На северо-западе Подмосковья, среди живописных холмов и полей раскинулось старинное село Мошкино.

Места у нас просто на загляденье. Возвышенности, поросшие хвойным и смешанным лесом, за поворотом внезапно сменяется угловатыми неровными полями, которые в свою очередь, выгнувшись дугой, устремляются вверх, превращаясь в небольшие горки, и затем неожиданно спадают вниз, переходя в извилистую пойму речки Проньки с заливными лугами. Не зря этот живописный уголок с незапамятных времен облюбовали многочисленные московские дачники. Правда, в последние пятнадцать лет окрестные земли активно скупили столичные владельцы дорогих коттеджей, заборов высоких понастроили, что несколько испортило пейзаж, да и село наше из-за строительства этого, почти слилось с ближайшим городишком Хоньково.

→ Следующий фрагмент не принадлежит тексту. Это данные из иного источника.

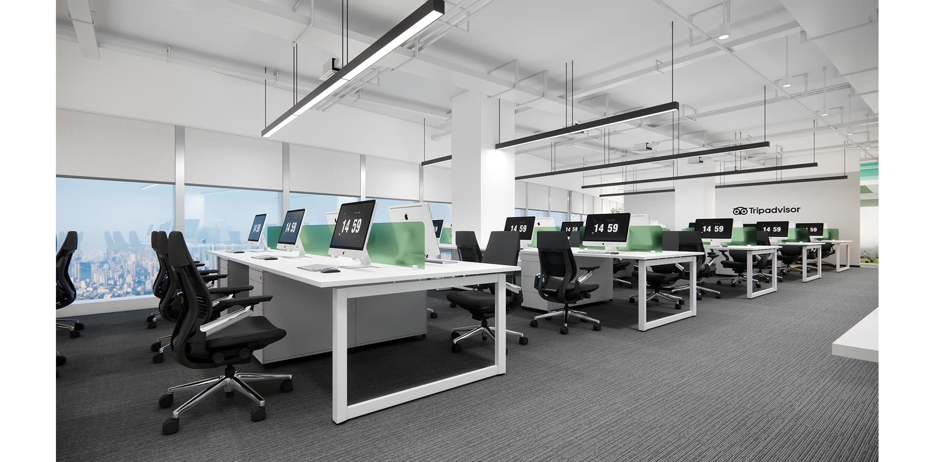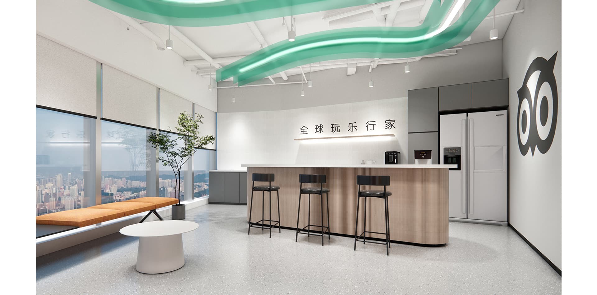貓途鷹辦公室裝修設(shè)計以?簡約靈動?為基調(diào),融入品牌標(biāo)志與?全球旅行元素?,搭配開放式布局與活力色彩,打造兼具協(xié)作效率與探索氛圍的辦公空間。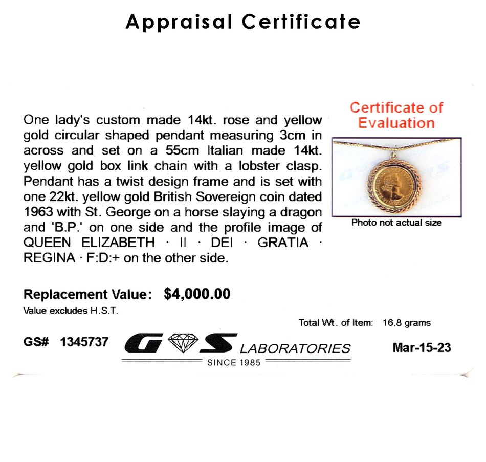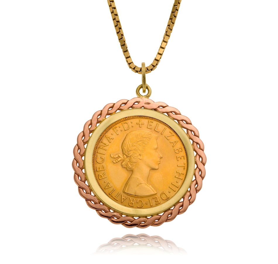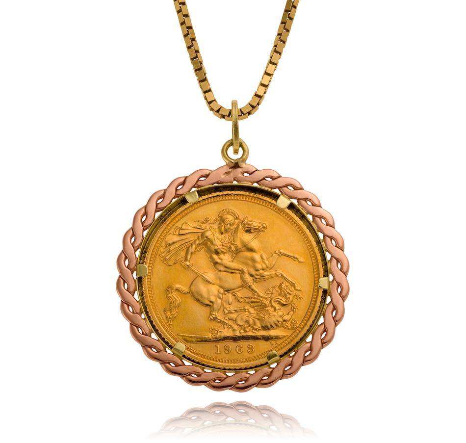 This pendant is custom crafted in 14K yellow and rose gold. It features a 22K gold British Sovereign coin, dated 1963. The reverse (which faces down) features the famous St. George on a horse slaying a dragon design, engraved by Benedetto Pistrucci; the obverse (facing up) illustrates the young head of Queen Elizabeth as designed by Mary Gillick and reads "Queen Elizabeth II Dei Gratia Regina F:D: ." The coin is prong-set from behind and bezel set in yellow gold on the front. A rose gold 'S' design border surrounds the bezel. An oval bale is at the top and a 22" box link chain with lobster clasp is included. The 1963 Gold Sovereign is one of the most ubiquitous of all coins, and much sought after by both coin collectors and bullion investors. Sovereigns have been minted since 1817 (in Britain 1817-1917, 1925 and 1957 on). At coin fairs you often hear the dealers refer to these coins as "Sovs."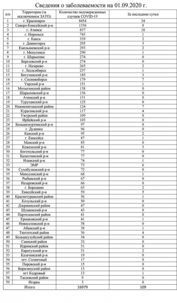 За прошедшие сутки в Красноярском крае заразилось коронавирусом ещё 109 человек, таким образом общее число заболевших составило 16 979 случаев.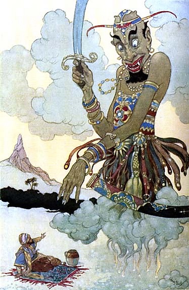 В западной культуре джинн прежде всего известен из сказки «Тысяча и одна ночь» как «волшебный дух со скрещёнными руками, внешне похожий на человека, но заточённый в лампе и исполняющий три любых желания тому, кто потёр лампу и пробудил джинна».

Коренные жители села, коих с каждым годом, увы, становиться все меньше, заняты в основном в коммунальном секторе и сфере обслуживания, немного еще трудятся, в чудо как сохранившимся сельском хозяйстве, выраженном в кооперативе, что в девяностых слепили на месте некогда богатого совхоза, да занимаются по строительному делу, и еще хлопочат на своих небогатых подворьях.

 

Стояли теплые деньки середины июня. Сельский пастух дед Егор сидел на пригорке покрытым густой наливающейся спелостью травой, подстелив свою телогрейку под то самое место, которым он соприкасался с природой. Он что-то увлечено читал, изредка бросая взгляд вниз, на поляну. С пригорка отчетливо просматривалась вдалеке березовая роща, неровное вспаханное поле, и речька Пронька, убегающая за поворот оврага. А внизу под пригорком, на переднем плане, хорошо была видна зеленая поляна с пасущимся на ней стадом.

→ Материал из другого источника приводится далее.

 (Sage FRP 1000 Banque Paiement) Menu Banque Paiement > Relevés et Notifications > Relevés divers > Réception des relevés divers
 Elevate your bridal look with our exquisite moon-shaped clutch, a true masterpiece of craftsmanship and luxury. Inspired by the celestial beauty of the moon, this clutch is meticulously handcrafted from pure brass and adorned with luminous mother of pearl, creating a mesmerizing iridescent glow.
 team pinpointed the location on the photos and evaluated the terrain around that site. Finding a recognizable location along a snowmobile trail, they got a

- Здорово дед! – услышал он знакомый голос, раздавшийся откуда то позади него.

- А, это ты Прохор! - обернувшись к нему, сказал дед Егор, - и тебе, Здравствовать - не хворать! Как сам? Как Любаня? - спросил его дед

- Да все в порядке, я тружусь день и ночь, Люба по дому хлопочет, пироги стряпает, отвечает Прохор. - Чего ты такое читаешь дед? Интересная, небось книга, коль ты так увлекся, что даже не слышал, как я к тебе подкрался? Детектив что ль?

- Нет, – отвечает дед показывая книгу. – Вот, труд господина Ульянова-Ленина изучаю, в сарае откопал, - «Империализм, как высшая стадия капитализма» называется. Про загнивание паразитического капитализма значит. Половину не понятно, мудрено слишком, но главный смысл все же уловил.

- Да ты что дед? Никак опять коммунистической идеологией увлекся? Иль революцию какую задумал в селе устроить?

- Ну, революцию не революцию, а кое-какой общественно – экономический переворот и нам бы не помешал! – говорит дед, - а то вон до чего дошли с порядками этими. Тарифы на электричество подняли, газ подняли, квартплата снова, здорова, с этого месяца вверх поползла! Такими темпами, мы помрем на пути к светлому будущему, не доковыляем! Вот ты послушай, что пишет по этому поводу вождь мирового пролетариата: «Концентрация банковского дела и образование банковских монополий привели к превращению банков из посредников во всесильных монополистов денежного рынка».

Так оно и есть! Моно...поли…Черт, не выговоришь! Короче, все как у нас! Вот, например, Михаил, Ольги парикмахерши муж. Пришел он значит, в банк кредит взять на ремонт дома. Дали ему кредит. Только при этом бумагу подписали – договор. А что в том договоре он, понятное дело, толком не разузнал, и подмахнул его не глядя. А черед три месяца настала пора долги платить. Выплатил часть. Не всю, что положено, не хватило целиком. Через какое- то время посчитали, так почти как было долга, так и осталось. Все на проценты ушло. Стали разбираться. Ольга в банк пошла ругаться. А ей в банке той и говорят, что договор надо было внимательнее читать. Она давай договор этот смотреть, а там мелким таким шрифтом написано, что и куда плюсуется, значит, и что из чего вычитается, если во время не всю часть выплатить. Михаил конечно по пьяному делу, когда подписывал, прочесть такую шрифту никак не мог. До сих пор одни только проценты и платят. Про отсутствие свободной конкуренции, я уже и не говорю…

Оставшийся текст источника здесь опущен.